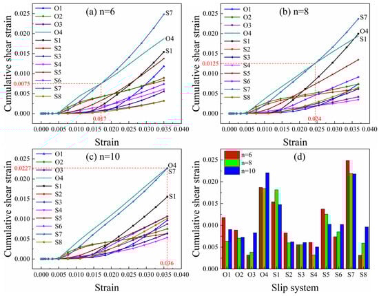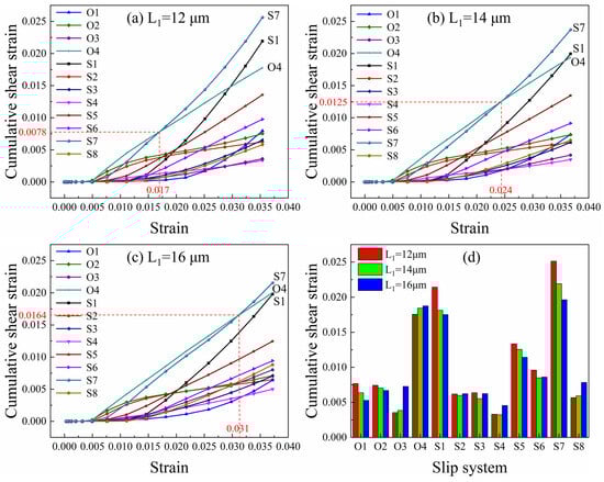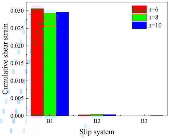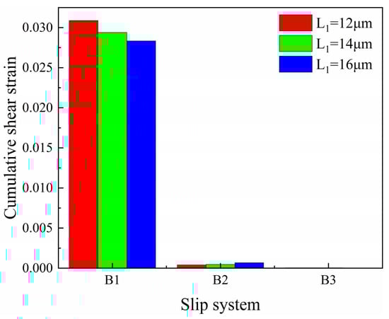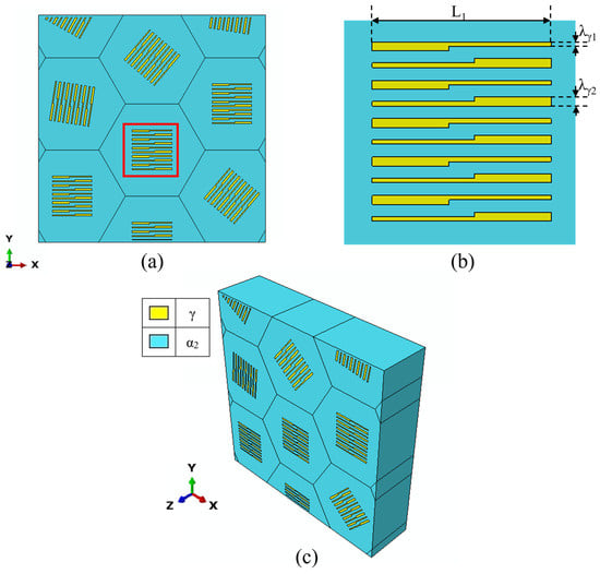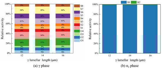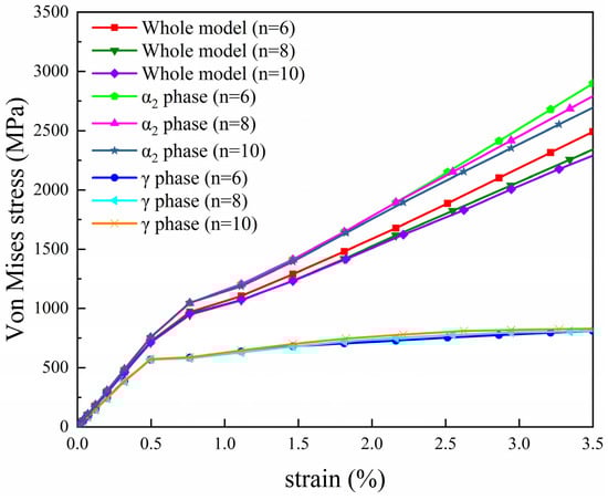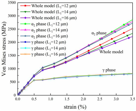 The preparation of the core–shell-like structured before hot working can significantly enhance the hot workability of the alloy. In order to research the properties of the alloy, the finite element method combined with the crystal plasticity constitutive theory was used to establish the finite element model of the core–shell-like structured TiAl alloy with (α2 + γ) lamellae colonies as the core and α2 matrix as the shell. The research focuses on the influence of the length and number of γ lamellae on the stress–strain distribution and the contribution of slip systems in each phase to the plasticity of the alloy. The results show that when the γ lamella length increases from 12 μm to 16 μm, the overall stress decreases by 12.0%; when the number increases from 6 to 10, the stress decreases by 7.7%. The stress reduction is primarily influenced by the α2 phase. Increasing the volume fraction of γ lamellae facilitates stress distribution within the α2 phase and enhances the plasticity of the material. In the γ phase O4, S1 and S7 slip systems contribute the most to the plastic deformation of the γ phase. In the α2 phase, the B1 slip system is the main contributor to the plasticity of the α2 phase. And the B1 slip system contributes more significantly to the plastic deformation of the entire model.
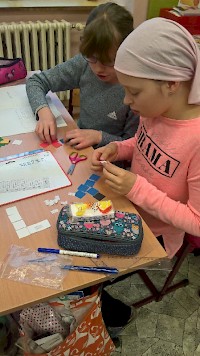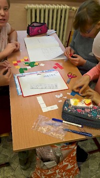 O tom, že geometrie není jen rýsování, se přesvědčili i páťáci. Při skupinové práci si vylosovali proužek se sítěmi krychlí, které ovšem nebyly všechny správné, některé se nedaly poskládat. Žáci měli za úkol nejprve pouhým okem a pomocí své představivosti zkusit odhadnout, které ze sítí jdou složit a které ne. V druhé fázi dostali čtverečky a lepítka a všechny sítě si manipulativní činností vytvořili a vyzkoušeli, zda tipy byly správně. Úspěšnost tipů byla prakticky stoprocentní, radost byla oboustranná.
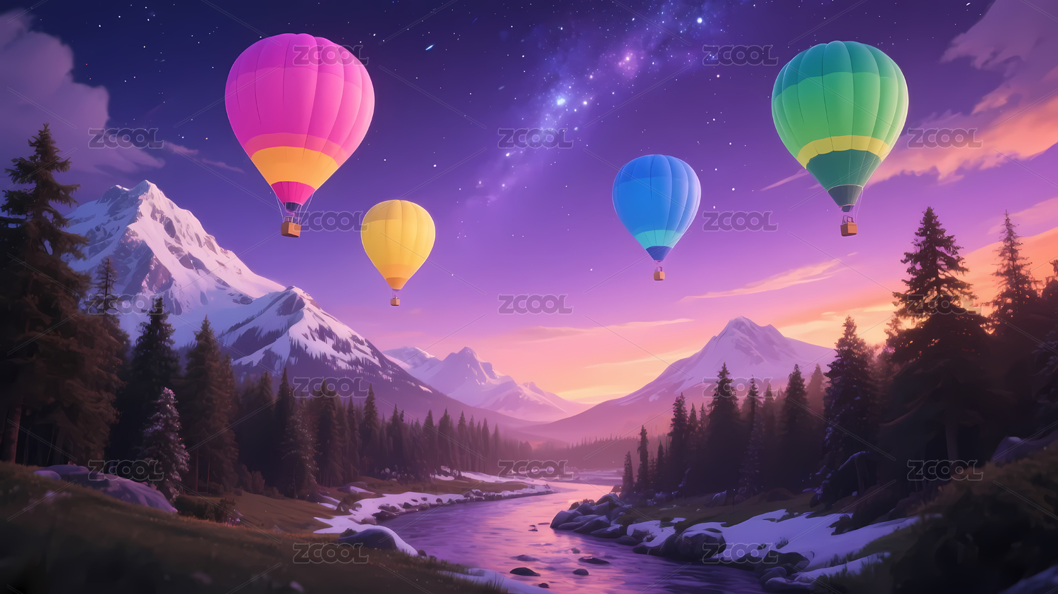 热气球,风景,山河,绿色,蓝天,白云,旷野,宽广
────────────────────
To do: Copy out the listing above exactly, and keep the pictures out of it.

Result:
 The preparation of the core–shell-like structured before hot working can significantly enhance the hot workability of the alloy. In order to research the properties of the alloy, the finite element method combined with the crystal plasticity constitutive theory was used to establish the finite element model of the core–shell-like structured TiAl alloy with (α2 + γ) lamellae colonies as the core and α2 matrix as the shell. The research focuses on the influence of the length and number of γ lamellae on the stress–strain distribution and the contribution of slip systems in each phase to the plasticity of the alloy. The results show that when the γ lamella length increases from 12 μm to 16 μm, the overall stress decreases by 12.0%; when the number increases from 6 to 10, the stress decreases by 7.7%. The stress reduction is primarily influenced by the α2 phase. Increasing the volume fraction of γ lamellae facilitates stress distribution within the α2 phase and enhances the plasticity of the material. In the γ phase O4, S1 and S7 slip systems contribute the most to the plastic deformation of the γ phase. In the α2 phase, the B1 slip system is the main contributor to the plasticity of the α2 phase. And the B1 slip system contributes more significantly to the plastic deformation of the entire model.
 O tom, že geometrie není jen rýsování, se přesvědčili i páťáci. Při skupinové práci si vylosovali proužek se sítěmi krychlí, které ovšem nebyly všechny správné, některé se nedaly poskládat. Žáci měli za úkol nejprve pouhým okem a pomocí své představivosti zkusit odhadnout, které ze sítí jdou složit a které ne. V druhé fázi dostali čtverečky a lepítka a všechny sítě si manipulativní činností vytvořili a vyzkoušeli, zda tipy byly správně. Úspěšnost tipů byla prakticky stoprocentní, radost byla oboustranná.
 热气球,风景,山河,绿色,蓝天,白云,旷野,宽广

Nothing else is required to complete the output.